* [RECORDED DATA]

= Beginning of Section =

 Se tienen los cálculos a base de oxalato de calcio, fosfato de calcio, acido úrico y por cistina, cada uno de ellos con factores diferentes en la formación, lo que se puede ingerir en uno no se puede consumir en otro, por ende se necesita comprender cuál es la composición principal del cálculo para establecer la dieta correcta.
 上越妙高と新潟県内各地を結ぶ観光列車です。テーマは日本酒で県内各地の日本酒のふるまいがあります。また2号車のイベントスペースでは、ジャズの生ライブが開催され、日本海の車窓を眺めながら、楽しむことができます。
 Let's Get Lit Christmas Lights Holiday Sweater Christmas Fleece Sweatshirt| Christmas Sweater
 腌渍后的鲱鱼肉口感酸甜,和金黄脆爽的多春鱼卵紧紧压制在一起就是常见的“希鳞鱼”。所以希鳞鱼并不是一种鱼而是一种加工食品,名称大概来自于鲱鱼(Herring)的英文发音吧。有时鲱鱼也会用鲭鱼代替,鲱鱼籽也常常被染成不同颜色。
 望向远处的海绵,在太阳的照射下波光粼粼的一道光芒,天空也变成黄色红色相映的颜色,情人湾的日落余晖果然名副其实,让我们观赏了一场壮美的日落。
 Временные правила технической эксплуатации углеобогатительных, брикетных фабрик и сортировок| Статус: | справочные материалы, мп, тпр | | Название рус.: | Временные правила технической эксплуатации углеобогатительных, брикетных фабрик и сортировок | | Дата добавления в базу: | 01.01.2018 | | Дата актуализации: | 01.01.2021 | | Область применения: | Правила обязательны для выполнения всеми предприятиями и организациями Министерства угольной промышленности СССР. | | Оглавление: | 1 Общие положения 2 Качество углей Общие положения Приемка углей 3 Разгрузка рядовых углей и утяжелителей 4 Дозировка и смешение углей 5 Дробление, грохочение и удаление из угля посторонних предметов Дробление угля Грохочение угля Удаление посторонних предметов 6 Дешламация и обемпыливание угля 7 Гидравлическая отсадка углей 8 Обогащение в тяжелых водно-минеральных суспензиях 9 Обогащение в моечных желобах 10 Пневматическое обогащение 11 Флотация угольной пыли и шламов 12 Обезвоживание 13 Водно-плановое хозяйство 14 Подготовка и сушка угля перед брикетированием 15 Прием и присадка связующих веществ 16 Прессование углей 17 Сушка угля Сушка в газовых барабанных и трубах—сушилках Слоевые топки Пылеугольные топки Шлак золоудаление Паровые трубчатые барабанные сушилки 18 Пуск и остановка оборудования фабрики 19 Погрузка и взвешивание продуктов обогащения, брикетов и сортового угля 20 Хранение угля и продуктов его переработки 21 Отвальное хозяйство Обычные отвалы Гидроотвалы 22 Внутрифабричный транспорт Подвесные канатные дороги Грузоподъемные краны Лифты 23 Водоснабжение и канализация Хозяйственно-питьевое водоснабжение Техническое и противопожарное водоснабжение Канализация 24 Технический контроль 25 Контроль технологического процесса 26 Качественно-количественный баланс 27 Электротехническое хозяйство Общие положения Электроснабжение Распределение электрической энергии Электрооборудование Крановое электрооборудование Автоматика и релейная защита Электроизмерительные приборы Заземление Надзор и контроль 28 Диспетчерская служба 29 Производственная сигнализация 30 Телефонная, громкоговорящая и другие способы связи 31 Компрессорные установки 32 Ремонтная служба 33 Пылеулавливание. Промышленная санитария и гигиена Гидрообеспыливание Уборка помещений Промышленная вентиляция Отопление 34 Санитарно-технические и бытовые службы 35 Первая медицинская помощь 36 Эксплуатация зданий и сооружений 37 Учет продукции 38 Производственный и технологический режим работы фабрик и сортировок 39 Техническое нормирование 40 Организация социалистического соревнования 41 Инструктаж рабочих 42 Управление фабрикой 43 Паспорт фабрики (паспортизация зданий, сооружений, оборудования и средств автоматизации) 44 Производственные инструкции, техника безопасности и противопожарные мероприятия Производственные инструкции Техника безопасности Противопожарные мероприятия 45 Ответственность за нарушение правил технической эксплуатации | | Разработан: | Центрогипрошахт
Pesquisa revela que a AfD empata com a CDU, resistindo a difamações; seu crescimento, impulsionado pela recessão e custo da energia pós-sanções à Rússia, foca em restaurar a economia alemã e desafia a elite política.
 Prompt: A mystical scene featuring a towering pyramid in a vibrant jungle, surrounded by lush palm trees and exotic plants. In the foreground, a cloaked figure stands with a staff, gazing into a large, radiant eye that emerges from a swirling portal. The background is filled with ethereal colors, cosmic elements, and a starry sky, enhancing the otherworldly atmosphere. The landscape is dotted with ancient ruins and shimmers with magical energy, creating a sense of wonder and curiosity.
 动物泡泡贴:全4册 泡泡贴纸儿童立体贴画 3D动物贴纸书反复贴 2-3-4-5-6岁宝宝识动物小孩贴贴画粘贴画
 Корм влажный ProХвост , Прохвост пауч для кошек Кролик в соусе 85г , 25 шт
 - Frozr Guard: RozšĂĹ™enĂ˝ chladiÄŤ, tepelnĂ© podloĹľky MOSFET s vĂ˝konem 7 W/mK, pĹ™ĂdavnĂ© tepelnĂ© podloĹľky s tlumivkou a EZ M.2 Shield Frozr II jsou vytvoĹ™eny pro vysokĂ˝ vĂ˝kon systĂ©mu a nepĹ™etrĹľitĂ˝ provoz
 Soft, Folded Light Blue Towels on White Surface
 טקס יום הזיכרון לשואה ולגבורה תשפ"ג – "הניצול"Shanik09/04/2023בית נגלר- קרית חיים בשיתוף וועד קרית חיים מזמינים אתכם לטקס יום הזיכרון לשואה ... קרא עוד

= End of Section =

* [REQUIRED WORK]
Write the opening line of the data above and every line after it, exactly, stopping once you have written the line with "望向远处的海绵,在太阳的照射".

* [RESULT FOR THIS EXERCISE]
 Se tienen los cálculos a base de oxalato de calcio, fosfato de calcio, acido úrico y por cistina, cada uno de ellos con factores diferentes en la formación, lo que se puede ingerir en uno no se puede consumir en otro, por ende se necesita comprender cuál es la composición principal del cálculo para establecer la dieta correcta.
 上越妙高と新潟県内各地を結ぶ観光列車です。テーマは日本酒で県内各地の日本酒のふるまいがあります。また2号車のイベントスペースでは、ジャズの生ライブが開催され、日本海の車窓を眺めながら、楽しむことができます。
 Let's Get Lit Christmas Lights Holiday Sweater Christmas Fleece Sweatshirt| Christmas Sweater
 腌渍后的鲱鱼肉口感酸甜,和金黄脆爽的多春鱼卵紧紧压制在一起就是常见的“希鳞鱼”。所以希鳞鱼并不是一种鱼而是一种加工食品,名称大概来自于鲱鱼(Herring)的英文发音吧。有时鲱鱼也会用鲭鱼代替,鲱鱼籽也常常被染成不同颜色。
 望向远处的海绵,在太阳的照射下波光粼粼的一道光芒,天空也变成黄色红色相映的颜色,情人湾的日落余晖果然名副其实,让我们观赏了一场壮美的日落。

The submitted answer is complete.